The increase in Same-Property NOI for the Company’s Maryland region was
primarily due to an increase in occupancy, particularly at Redland Corporate
Center II, which was 99% vacant at the time of acquisition in the fourth
quarter of 2010 and was 80% occupied at September 30, 2012. The increases in
Same-Property NOI for the Washington, D.C. and Southern Virginia regions were
due to higher recoveries of tenant expenses. Same-Property NOI decreased 1.1%
for the Company’s Northern Virginia region for the three months ended
September 30, 2012 compared with the same period in 2011 due to an increase in
vacancy for the three months ended September 30, 2012 compared with 2011.

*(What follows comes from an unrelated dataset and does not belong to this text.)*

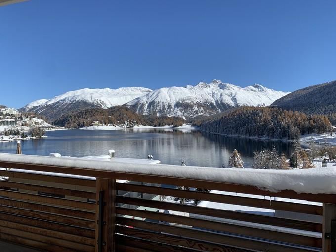 Nella regina delle Alpi, St. Moritz, splendido appartamento con vista lago a due passi dal centro con grande balcone soleggiatissimo ad angolo.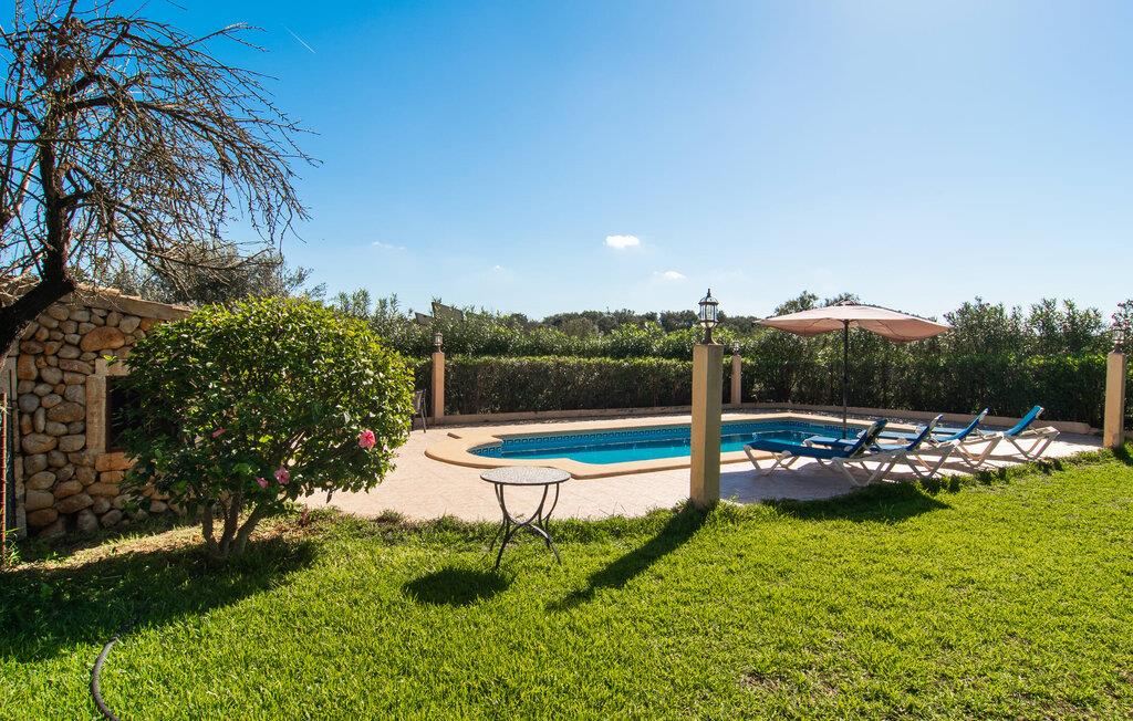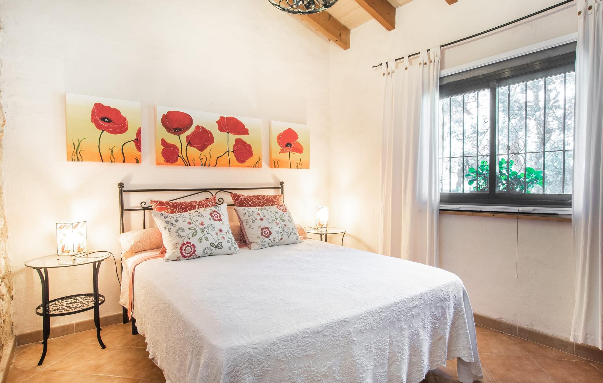 Omgivelserne omkring denne bondegård på Mallorca er særdeles indbydende og hyggelige takket være den frodige middelhavsvegetation. Gamle træer understreger denne flair. Poolområdet er omgivet af oleandere og grønne hække, så I kan føle jer særligt privat her. En romersk trappe giver nem adgang til den 8 m lange pool. Liggestolene på den omkringliggende terrasse er også komfortable. I kan placere dem direkte under middelhavshimlen eller under en parasol og slappe af derfra. Der er også et opholdsområde og en praktisk udendørs bruser. For dem, der ønsker at slappe af i skyggen, er der forskellige muligheder på terrassen lige ved siden af huset: verandagyngen, loungen, spisebordet. Dette smukt dekorerede område kan bruges som udendørs stue på varme dage. En muret kulgrill er tilgængelig til solide grillaftener. I lokalerne finder de små ikke kun masser af plads at løbe rundt i, men også en lille legeplads. Terrassen fører direkte ind i den hyggelige opholds- og spisestue med pejs. Terracotta-fliser, naturstenselementer og synlige bjælkelofter indrammer de typiske mallorcanske møbler og tilbehør. Det er indlysende, at ejerne værdsætter at bevare den klassiske charme af et landsted. Det rustikke køkken er integreret i rummet og er fuldt udstyret med alt hvad I behøver til selvforplejning på ferien. To soveværelser med dobbeltsenge, et med dobbeltseng og et med to enkeltsenge, lover en afslappende søvn. Et brusebad fuldender udstyret på denne bondegård i det nordlige Mallorca. Vi anbefaler især stuehuset "Sa Figuera Blanca" til et eller to par eller en lille familie. Dette meget hyggelige bondehus ligger på en meget stor grund ca. 2 km vest for Búger på det nordlige Mallorca. For at handle kan I blot køre ind til byen, som byder på små supermarkeder samt barer, restauranter mv. Strandene i nord, især dem i den lange bugt Alcúdia, kan nås efter omkring 20 km.

A reconciliation of net income (loss) to Same-Property NOI and a definition
and statement of purpose are included below in the financial tables
accompanying this press release and under “Non-GAAP Financial Measures,”
respectively.

Dispositions

On August 24, 2012, the Company sold its 95% interest in an unconsolidated
joint venture that owned an office building at 1200 17^th Street, NW in
Washington D.C. for $43.7 million, which after repayment of the mortgage loan
encumbering the property resulted in net proceeds to the Company of $25.7
million. The Company purchased its 95% interest in the joint venture in
October 2011 for $37.7 million. After acquisition, the joint venture
encumbered the property with a $20.0 million mortgage loan. The property
consists of a land parcel that contains an 85,000 square foot office building.
The Company used the net proceeds from the sale, together with available cash,
to repay $26.0 million of the outstanding balance under its unsecured
revolving credit facility. The Company recorded a $3.0 million gain on the
sale of its interest in the joint venture in its third quarter 2012 results.

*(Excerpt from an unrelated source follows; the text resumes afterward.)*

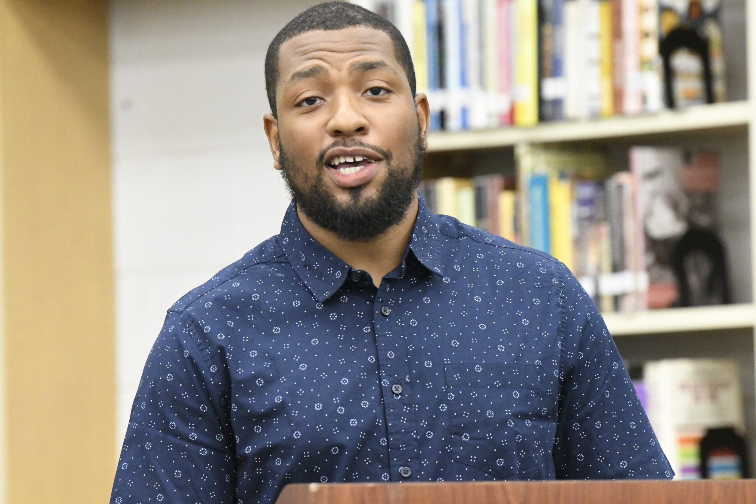 Marlboro County High School Athletic Director Cory Johnson thanked everyone for coming. The thanked the two who signed for all of their accomplishments including their GPA at the school. Johnson remarked that these athletes did what needed to be done each day. He stressed that scouts were looking for 4 things: 1. speed and measurability, 2. academic grades with a core GPA, 3. tape to show one’s athletic skills, and 4. be a “good human”. He thanked the athletes for their accomplishments, families, and school. Johnson is super proud of these athletes.

As previously disclosed, in June 2012, the Company entered into a binding
contract to sell two buildings totaling 39,000 square feet at Owings Mills
Business Park, a six-building, 219,300 square foot business park in Owings
Mills, Maryland. The sale is expected to be completed in the fourth quarter of
2012. In connection with this pending sale, on October 16, 2012, the Company
used available cash of $5.7 million as a defeasance payment for the mortgage
loan encumbering four buildings at Owings Mills Business Park, including the
two buildings that are under contract to be sold. At September 30, 2012, the
Company continued to classify the two buildings as “held-for-sale” and
reflected their operating results as discontinued operations in its
consolidated statements of operations for each of the periods presented in
this press release. During the third quarter of 2012, the Company reduced its
intended holding period for two additional buildings at Owings Mills Business
Park. Based on an analysis of the property’s anticipated cash flows over the
Company’s reduced holding period for the property, the Company recorded a $0.5
million impairment charge within income (loss) from continuing operations in
the third quarter of 2012.

Financing Activity

On August 5, 2012, the Company repaid an $8.9 million mortgage loan that
encumbered 1434 Crossways Boulevard Building II with proceeds from a draw
under its unsecured revolving credit facility.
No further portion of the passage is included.